Two's complement of a fixed-width binary number X is a binary number that you get by inverting X's binary digits and adding one, discarding possible overflow.
twos_compl(X){ return ~X+1; }
E.g., for 4-bit wide numbers:
X ~X ~X+1
0000 1111 0000
0001 1110 1111
0010 1101 1110
0011 1100 1101
If a computer architectures uses two's complement to represent mathematically negated signed numbers, i.e., if twos_compl(X) == -X
, then certain math operations become easy to implement.
(In such a representation of a signed number the highest bit then means -pow(2,bit_index_from_the_right)
rather than the usual (usual for unsigned numbers and for every other bit in a signed two's complement representation) +pow(2,bit_index_from_the_right)
.)
For example, addition (or subtraction) on an architecture that uses two's complement representation for negative numbers will use the same instruction as the corresponding unsigned addition (or subtraction respectively), and it will work regardless of the sign of the operands.

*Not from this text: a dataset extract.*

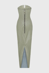 Prong gown in celadon coated stretch denim from Rick Owens. This prong gown is floor-length. It features a strapless structured bodice with a boned geometric cut-out front and folded bust detail. It has a tight-fitting skirt which tapers slightly to the ankle with a high centre back split, and exposed zipper closure. This lightweight stretch denim is covered with a semi-shiny and soft coating. The indigo color and structure of the denim shines through the color of the coating creating a multilayered and irregular coloration.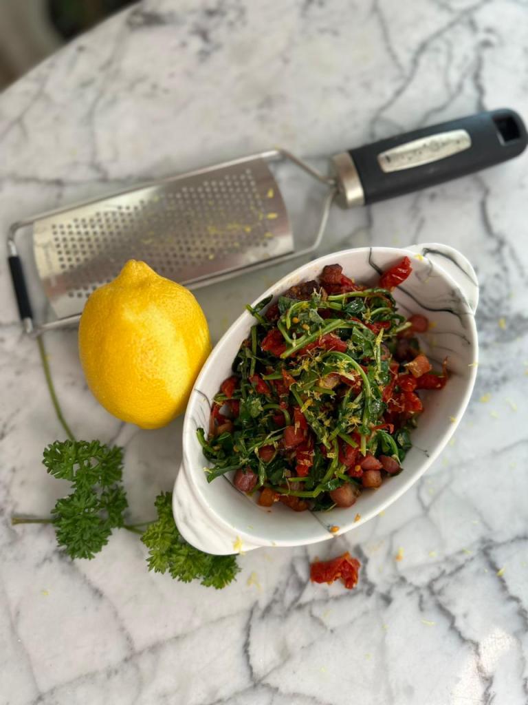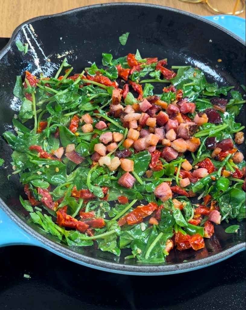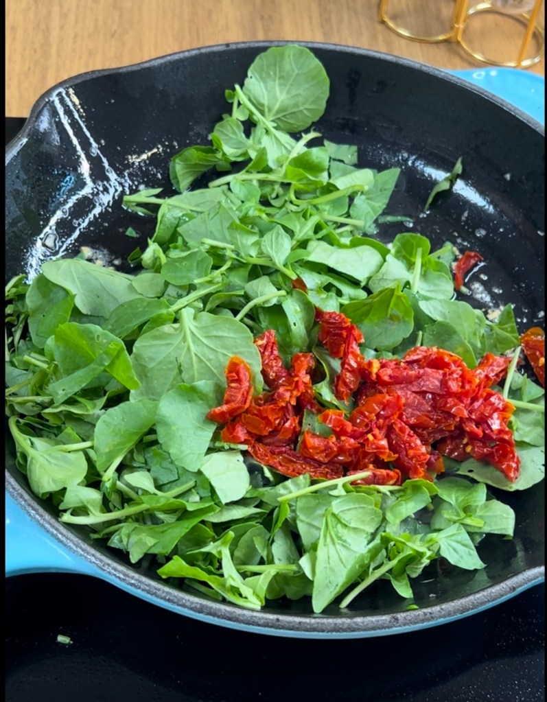 Acrescente o agrião e o tomate seco, aumente o fogo e misture tudo muito bem.

In C on a two's complement platform:
int sadd(int A, int B) { return A+B; }
unsigned uadd(unsigned A, unsigned B) { return A+B; }
will compile to the same instruction.
And by definition of two's complement, so will:
int neg(int A) { return -A; }
and
int neg2(int A) { return ~A+1; }
So to summarize, two's complement isn't necessarily mathematical negation—it is a transformation of the binary representation of a number that a computer architecture may interpret as negation and if it does, it simplifies math on that computer architecture.